# PCGH-Leserwahl: Die Hersteller des Jahres 2011 stehen fest



## PCGH-Redaktion (12. März 2012)

Jetzt ist Ihre Meinung zu PCGH-Leserwahl: Die Hersteller des Jahres 2011 stehen fest gefragt. 

Bitte beachten Sie: Der Kommentarbereich wird gemäß der  Forenregeln moderiert. Allgemeine Fragen und Kritik zu Online-Artikeln von PC Games Hardware sind im Feedback-Unterforum zu veröffentlichen und nicht im Kommentarthread zu einer News. Dort werden sie ohne Nachfragen entfernt.

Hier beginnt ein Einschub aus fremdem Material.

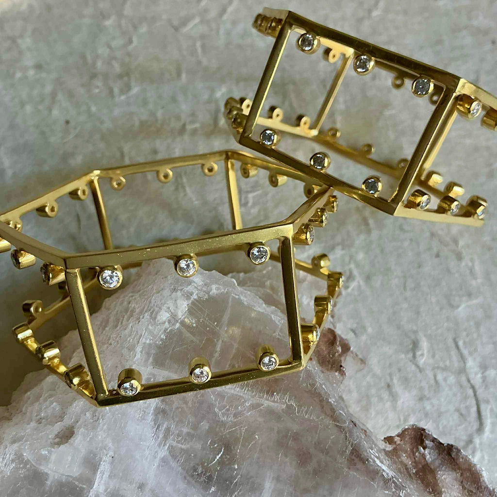 Anyone would fall for this bracelet because it’s the perfect mix of cool, modern, and effortlessly festive. The hexagon shape instantly sets it apart from every basic bangle out there, giving it that artsy, geometric vibe that feels fresh and fun. The gold brings a warm glow, and the CZs add just enough sparkle to make it holiday-ready without going overboard.

			Dieser Inhalt steht nur eingeloggten Mitgliedern zur Verfügung.
        

 Zurück zum Artikel: PCGH-Leserwahl: Die Hersteller des Jahres 2011 stehen fest


----------



## ΔΣΛ (12. März 2012)

Womit hat sich AMD den Zweiten Platz bei den Prozessoren verdient  ... damit kann der Bulldozer (Spielzugbagger) aber nicht gemeint sein.


----------



## alm0st (12. März 2012)

Wenig Überraschungen dabei (besonders bei CPU/GPU ), spiegelt ziemlich gut dass wieder, was man täglich hier so liest


----------



## GoldenMic (12. März 2012)

Kommen die % Zahlen noch?

• Prozessoren: AMD auf Platz 2? Naja aber nicht in 2011 Wobei IBM eben einfach vom Endkunden nicht mehr wirklich wahrgenommen wird.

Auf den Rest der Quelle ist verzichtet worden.